Activity: The whole listing below is to be copied exactly, with every picture left out.

Given information:

▼

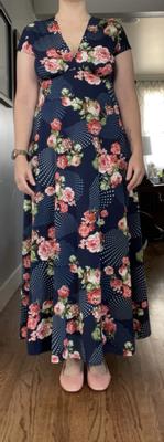 I think this dress is beautiful and very flattering. The print and colors are very pretty. I am only giving it 4 stars because it needs to be about 2-3 inches longer for the people 5'7 and taller. I am 5'6 and a half. My preference is to have full length dresses almost hit the floor especially if I wear heels.
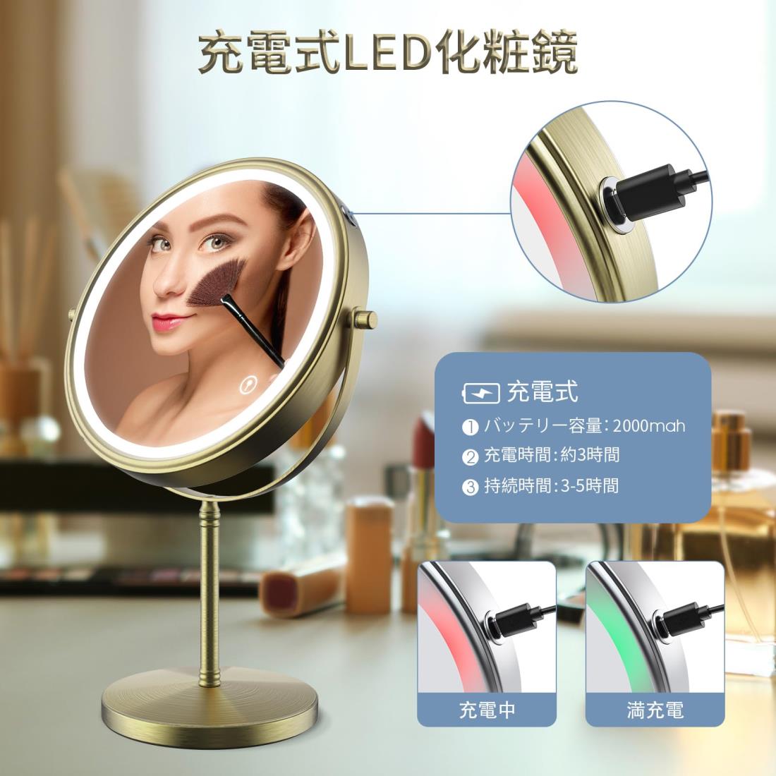 MILPROX 化粧鏡 ライト付き 女優ミラー 1倍5倍拡大鏡 USB充電式 2000mAh大容量 寒暖自然色調節 明るさ調節 タッチ式 360度回転 卓上ミラー スタンドミラー
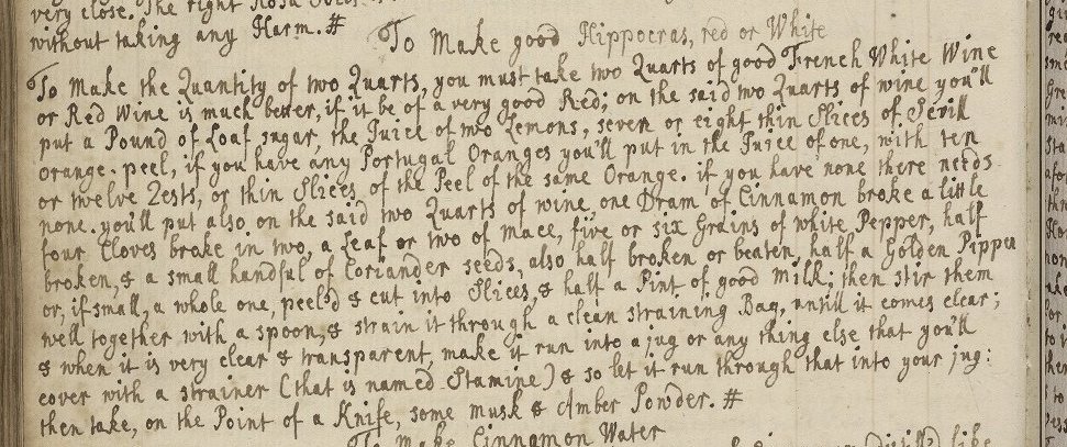 This white wine and sack Hypocrass is from Elisabeth Hawar’s recipe book now held at the Clark Library in fMS.1975.003. It is likely that Elisabeth, or another owner, lived in East London as the book includes manuscript directions to places in Shoreditch and Spitalfields.

▲

Finished exercise:
 I think this dress is beautiful and very flattering. The print and colors are very pretty. I am only giving it 4 stars because it needs to be about 2-3 inches longer for the people 5'7 and taller. I am 5'6 and a half. My preference is to have full length dresses almost hit the floor especially if I wear heels.
 MILPROX 化粧鏡 ライト付き 女優ミラー 1倍5倍拡大鏡 USB充電式 2000mAh大容量 寒暖自然色調節 明るさ調節 タッチ式 360度回転 卓上ミラー スタンドミラー
 This white wine and sack Hypocrass is from Elisabeth Hawar’s recipe book now held at the Clark Library in fMS.1975.003. It is likely that Elisabeth, or another owner, lived in East London as the book includes manuscript directions to places in Shoreditch and Spitalfields.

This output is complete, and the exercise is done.